Hercules grinned at me slyly.
“That's
not my favorite.”

“This is where I draw the line,” Sam said. “You can ride me about my financial status and my social life and anything else—but stay away from my spirituality. I mean it.”

Hercules gave him another long look, but this time he didn't shake his head or grunt in disgust. I could see him having to force the grin onto his face.

“I'm in trouble,” he said to me. “You think he'll ever speak to me again?”

“Not if he's smart,” I said.

He threw his head back and laughed. I didn't.

The evening went downhill from there.
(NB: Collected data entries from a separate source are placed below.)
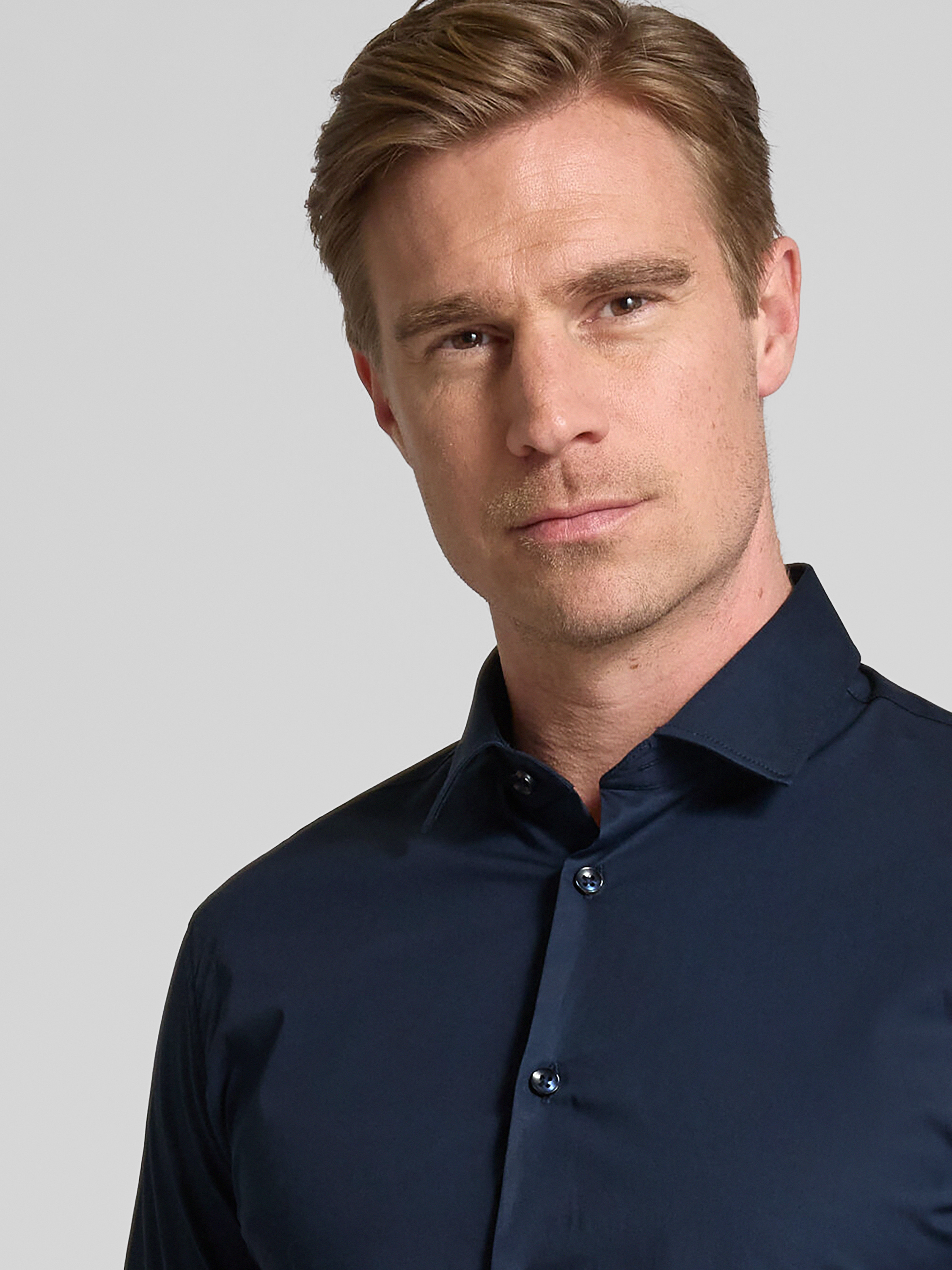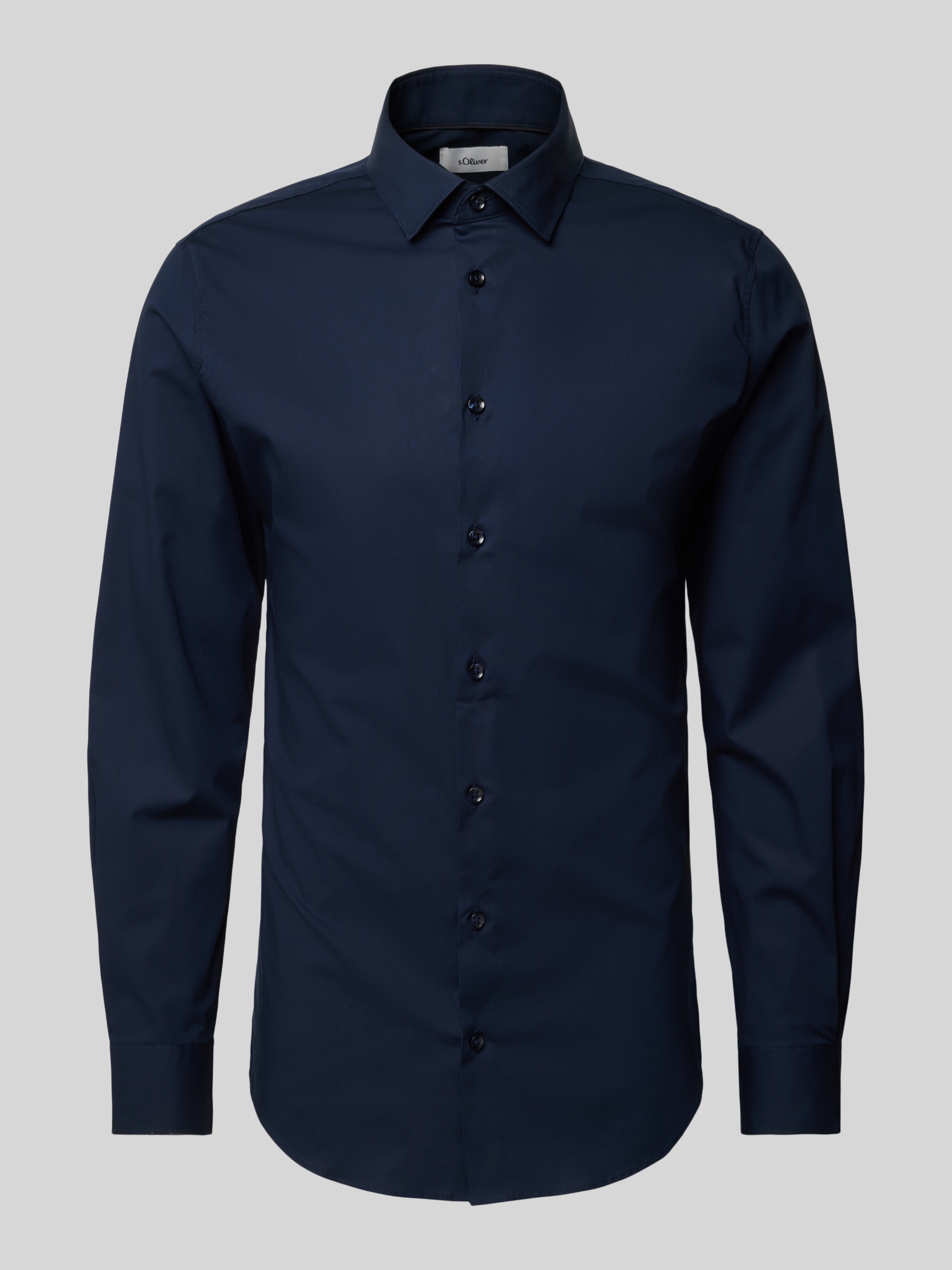 s.Oliver BLACK LABELShaped Fit Businesshemd aus Baumwoll-Stretch in marine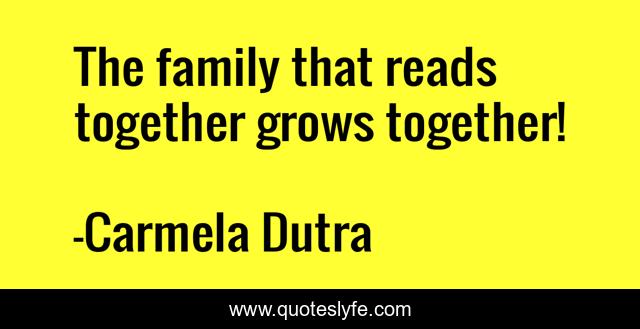 This page presents the quote "The family that reads together grows together!". Author of this quote is Carmela Dutra. This quote is about family, bonding, learning, growing, reading, loving,.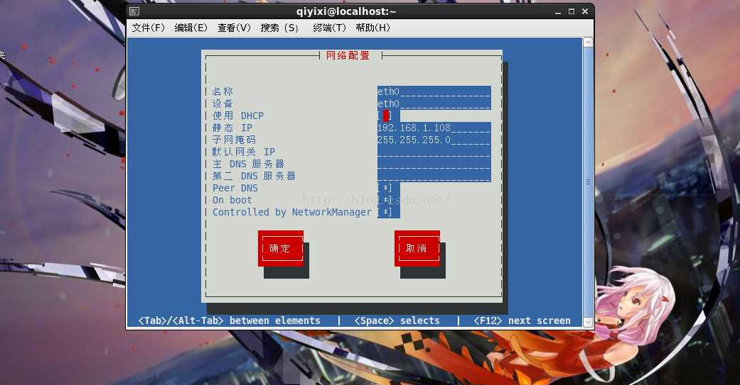 这里鼠标不能使用需要使用键盘在移动到网络配置然后回车,选择第二个设备配置 然后回车选择第一个设备回车。这时会出现下面这个界面

Sam diplomatically suggested that Hercules lighten up on the Scotch, so he switched to brandy. With relative aplomb, over the lamb shank and the paella, Sam kept further discussion away from things spiritual and navigated us through politics, sports, and social issues. When we finally got through dessert—which both Sam and I refused, but found ourselves presented with anyway—Sam borrowed my cell phone to call his dad a cab.

With Sam otherwise occupied, Hercules grabbed my hand, and I didn't try to pull away. It was too much like being stuck in one of those Mexican finger toys.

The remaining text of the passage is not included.